Örneğin, Jakarta’nın bulunduğu Batavi bölgesinde Arap etkisiyle oğlak etli ‘nasi goreng kambing’ popülerken Manado bölgesinde çeşitli balıklarla, Java’da yanında ‘ayam goreng’le (kızarmış parça tavuk) servis ediyorlar. Farklılıkları bir kenara tüm ‘nasi goreng’lerin olmazsa olmazı, benim çok sevdiğim kecap manis’li (tatlı soya sosu) nasi goreng’den sonra en meşhur sokak lezzeti ‘mie goreng’. Aynı ürünün Çin eriştesiyle yapılan ve ülkedeki Çin etkisiyle kültüre giren ‘pilavlı abisi’ gibi yöresel farklılıklar gösterse de tüm ülkede ve özellikle sokaklarda oldukça popüler.
‘Mie ayam’ (‘Ayam’ tavuk, ‘mie’ erişte demek): Hazır erişte ve sotelenmiş tavuğun karışmasıyla yapılan klasik bir sokak lezzeti. Çoğu erişte yemeği gibi kaynağı Çin.
‘Serabi’ (Hindistan cevizli pankek): Endonezya’daki arkadaşlarımız sokak lezzetlerine olan düşkünlüğümü bildiklerinden Lombok’taki ilk sabahımızda beni önce pazara, sonra da bölgedeki en iyi ‘serabi’yi yapan ailenin standına götürdüler. Bu krep, traşlanmış Hindistan cevizi ve palmiye şekeri şurubuyla harika bir sabah tatlısı.
Martabak
‘Martabak’: İki tip ‘martabak’ var. Tatlı olan, oldukça kalın bir krebi önce wok tarzı ama köşeli bir tavada pişirip sonra içine peynir, çikolata, şeker ve çeşitli soslar ekleyerek hazırlanıyor. Sonra, bu kalori bombası ortadan ikiye katlanarak sandviç gibi yapılıyor ve en az 4-5 porsiyonluk servis ediliyor. Tuzlu versiyonuysa daha çok bizim Antep katmerine veya Malezya’nın ‘roti’sine benziyor. Aynı katmer gibi bol yağlı hamurun tezgâh üzerinde açılması bile başlı başına bir görsel şölen. Antep veya Malezya versiyonundan farklı olarak, içine pırasa, ıspanak gibi sebzeler ve kıyma konduktan sonra bol yağda kızartılıyor. Biraz ağır ama çok lezzetli.

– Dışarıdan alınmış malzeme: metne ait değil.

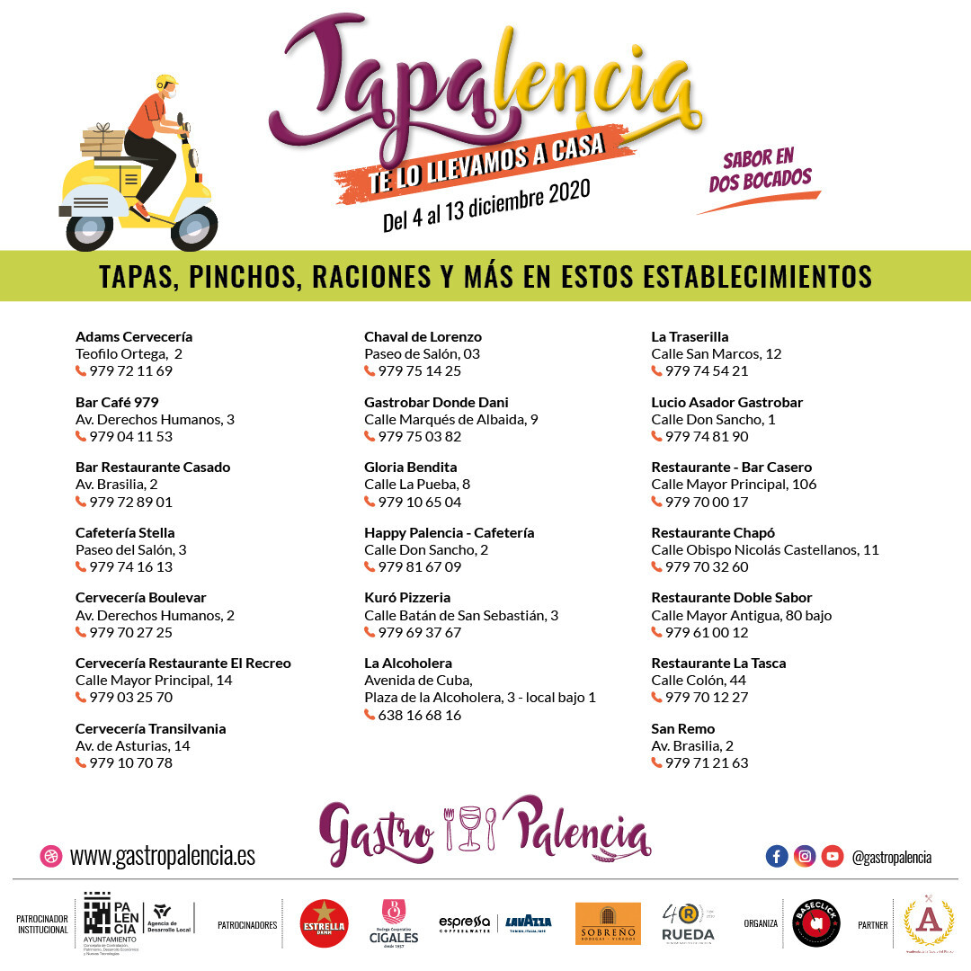 Desde la página web www.tapalencia.com se puede consultar el listado de los 20 bares - restaurantes, el menú que ofrece cada establecimiento en el Pack Tapalencia y llamar para hacer los pedidos.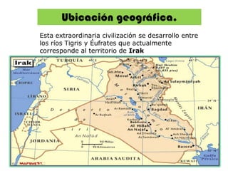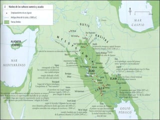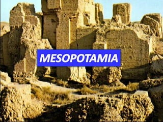 Mesopotamia fue el hogar de varias civilizaciones antiguas que florecieron entre los ríos Tigris y Éufrates. Los sumerios fueron la primera civilización y desarrollaron la escritura cuneiforme. Posteriormente, los acadios, asirios y babilonios dominaron la región. La economía se basaba en la agricultura y el comercio. Los sumerios crearon varios mitos y poemas épicos que explicaban sus creencias religiosas politeístas. La escritura cuneiforme permitió que floreciera la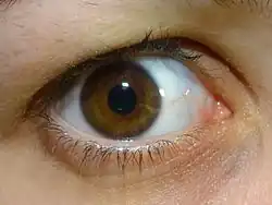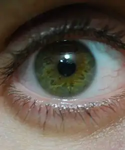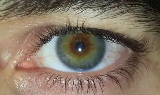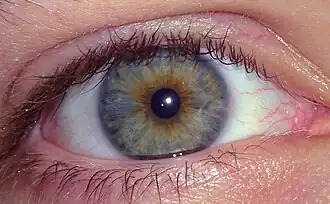 Culoarea ochilor este un caracter poligenic și este determinat îndeosebi de cantitatea și de tipul de pigmenți prezenți în irisul ochiului.[1][2]
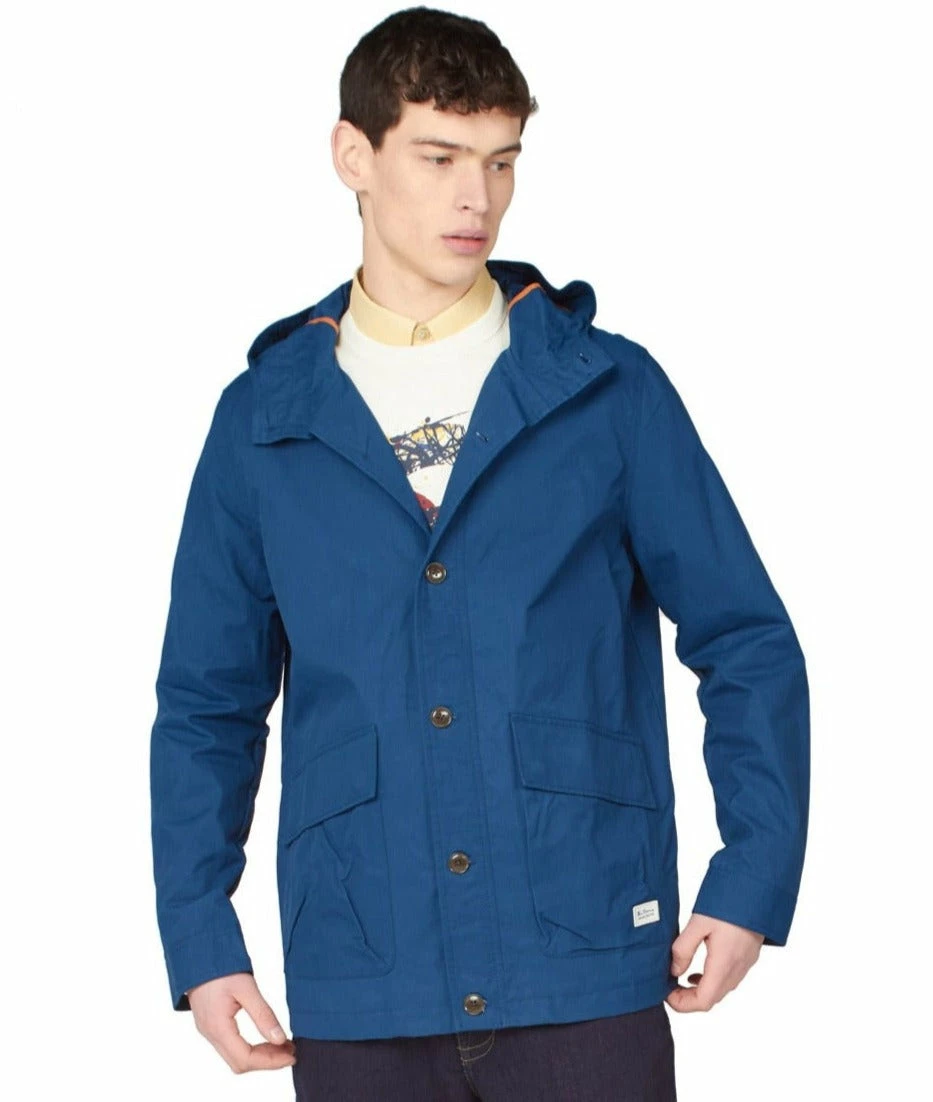 This Everyday Anorak Lightweight Jacket in a cotton/nylon fabric comes in a classic, regular fit and features button-up fastening with six mock-corozo buttons, two center-front bellow patch pockets, contrast internal cotton binding, and a Ben Sherman woven badge.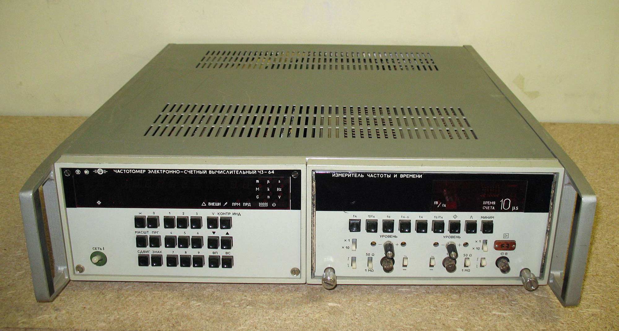 Частотомер электронно-счётный вычислительный "Ч3-64" выпускали с 1987 года. Служит для автоматического измерения импульсных и синусоидальных сигналов в диапазоне 5 Гц - 150 МГц и 100 - 1000 МГц.
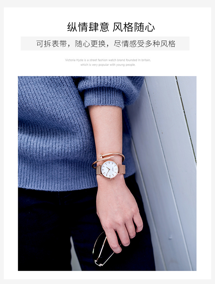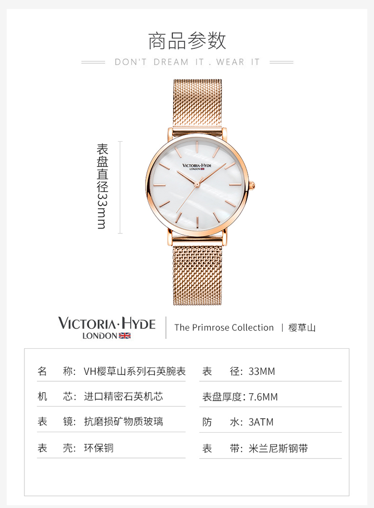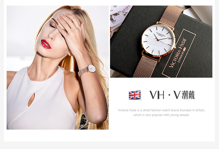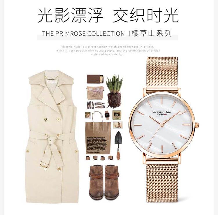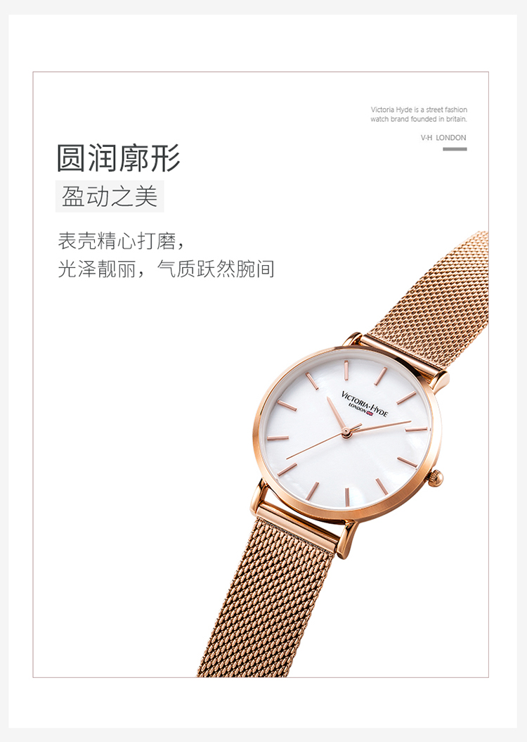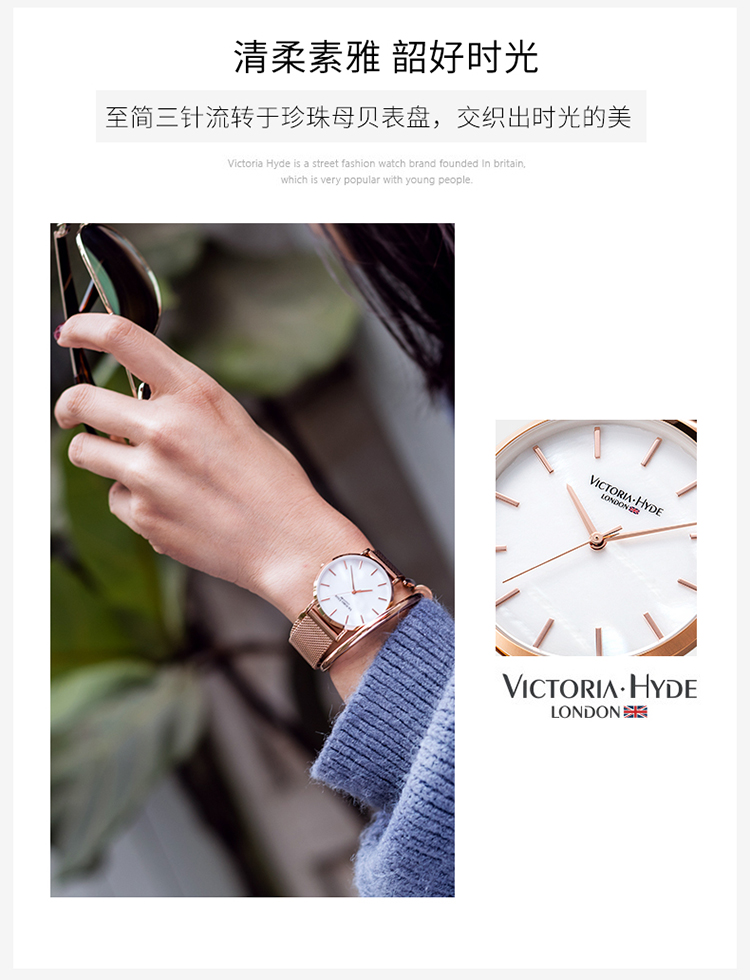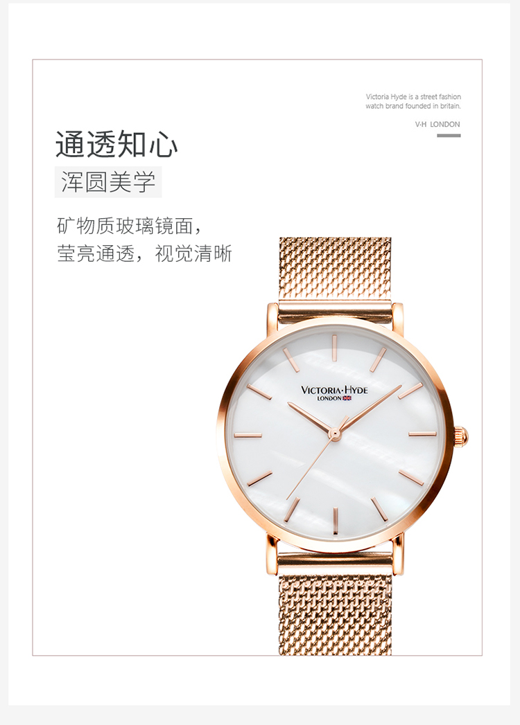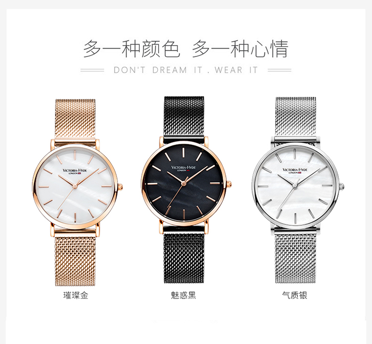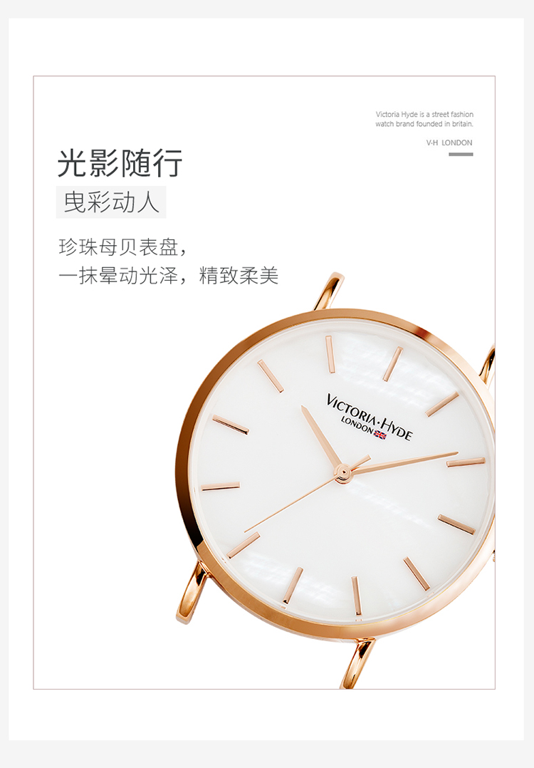 商品名称:Victoria.Hyde/维多利亚海德 手表女款 钢带防水时尚简约珍珠母贝学生vh腕表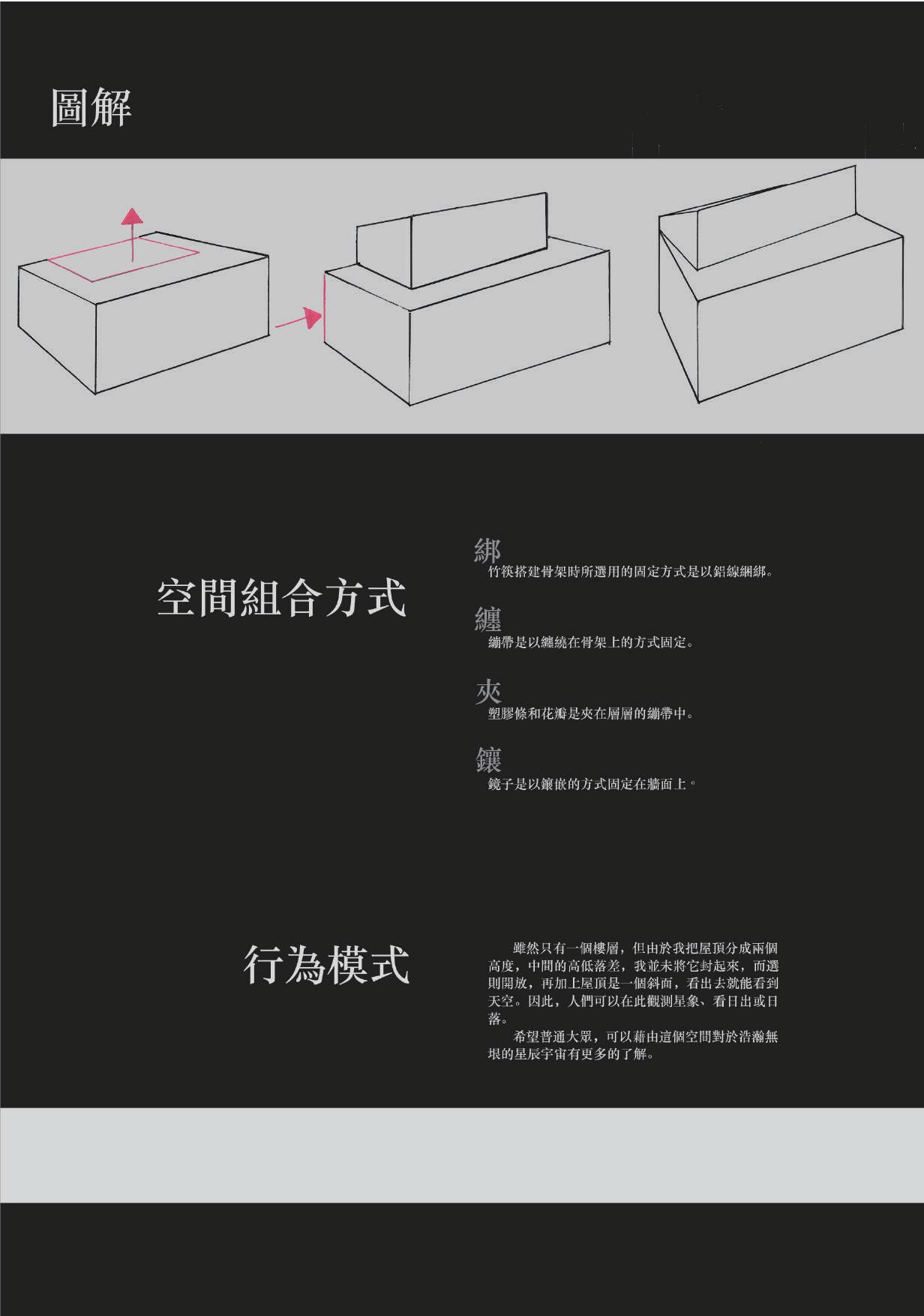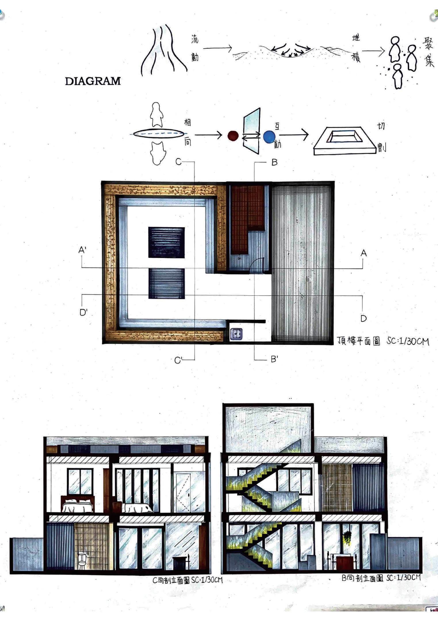 人類的交流有時是以大自然作為橋樑, 但隨著工商業的發展,人類以自然為媒 介而交流的行為變得越來越少,創造出 空間是想回到初始。把空間融入到周遭 的自然環境,進而讓使用者在空間中交 流時感受到自然。
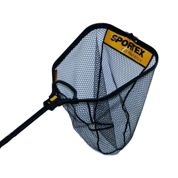 Sportex Predator fangstnet. Gedigent fangstnet, der er dedikeret til de HELT store fisk. Og endelig er der én der har tænkt over design og funktion, og ladet det hånd i hånd. Nettet er selvfølgelig gummi, så du passer på fisken, og undgår det evindelige problem med kroge i netposen. Netrammen er forsynet med et specielt løftegreb, så du lettere får din fangst i land, og det uden at beskadige hverken skaft, net eller fisk! Netrammen kan foldes sammen på midten, og skaftet skydes ind. Så under transport fylder nettet minimalt! Nettet har et gummihåndtag, der sikrer dig et godt og solidt greb, selv med våde eller kolde fingre.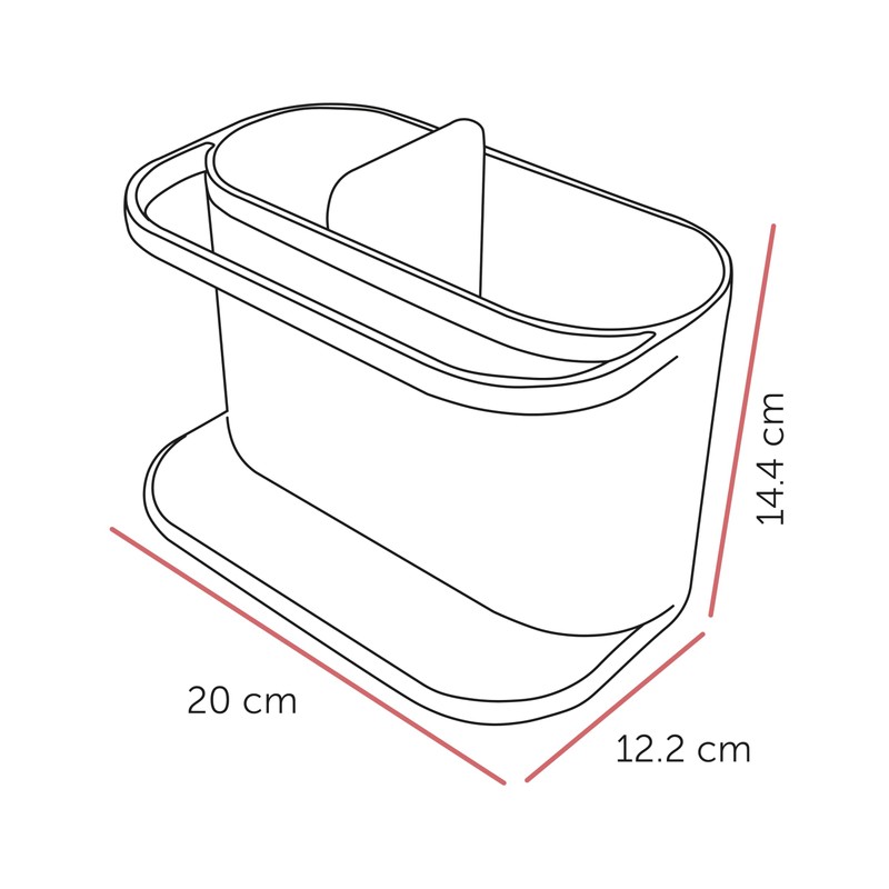 The main compartment divides into two parts - large enough for a detergent bottle, brush and sponge. The integrated rail is perfect for hanging damp dishcloths. It has a ribbed, sloping base ensures excess water or soap suds are collected out of sight, for draining later. The components can be taken apart for easy cleaning. Lastly, the non-slip base helps protect your surfaces from scratches.

‘Sate’ (tavuk, oğlak, et ve balık): Sadece Endonezya’nın değil, tüm Güney Asya arşipelinin ortak sokak lezzeti... Kelime kökeni Tamilcede et anlamına geliyor. Bizim çöp şiş tadında... Ağırlıklı olarak tavuk ama her türlü et ve sebzenin küçük bambu şişlerde servis edilen pek çok çeşidi var. Tam bir sokak lezzeti...
En bilinen versiyonu tabii ki ‘tavuklu sate ayam’ ama onun da pek çok versiyonu yapılıyor. Madura Adası’nda ‘kecap manis’li ve ‘yerfıstığı soslu sate madura’ muz yaprağına sarılmış pilavla yeniyor. Tavuktan sonra etli çeşitler popüler. Suratarta’nın ‘sate buntel’i (Buntel sarma demek) bizim kebaba en benzeyen versiyon, aynı şeftali kebabı gibi gömlek yağına sarılıyor ve diğer sate’lere göre daha kalın. Benim favorimse Lombok’taki pazarın köşesindeki Ibu Hj. Sinnaseh’in yapışkan acı-tatlı soslu etli sate’si yani ‘sate rembiga’. Tabii ki salaş, tabii ki ayak üstü ve tabii ki çooook lezzetli. Sate sadece et ve tavukla sınırlı değil; manda, oğlak, süt kuzusu, balık ve deniz ürünleri, bıldırcın yumurtası ve soyadan yapılan ‘sate kere’ (‘kere’ fukara demek) farklı bölgelerin çeşitli lezzetleri...
Sate rembiga
GİZLİ POLİSLER BAKSO SATICISI KILIĞINDA
‘Bakso’: Haşlama köfte dokusunda ve ülkenin en popüler sokak yemeklerinden... Genelde tek başına, çorba içinde veya erişteyle servis ediliyor. Daha çok Endonezyalıların tükettiği bir lezzetken eski ABD Başkanı Barack Obama’nın çocukluğunda en sevdiği lezzetlerden biri olduğunu söylemesiyle uluslararası popülerlik kazanıyor. İnternetten bulduğum komik bir anekdotta, bizim eski jenerasyonun 80 öncesi üniversite önü simitçilerinden hatırlayacağı gibi, Endonezya’da sokaktaki gizli polislerin çoğu ‘bakso’ satıcısı kılığında geziniyor.
Bakso
Endonezya mutfağının en büyük lezzetleri hep sokaktan gelme. Aynı bizim gibi. Bir ülkenin yemek kültürünün gelişmesinde sokak lezzetleri çok önemli. Ulaşılabilir olması ve her keseye hitap etmesi tüm halkın lezzet duyularının gelişmesi açısından mühim. O yüzden sokak lezzetlerimizi sarıp sarmalayalım.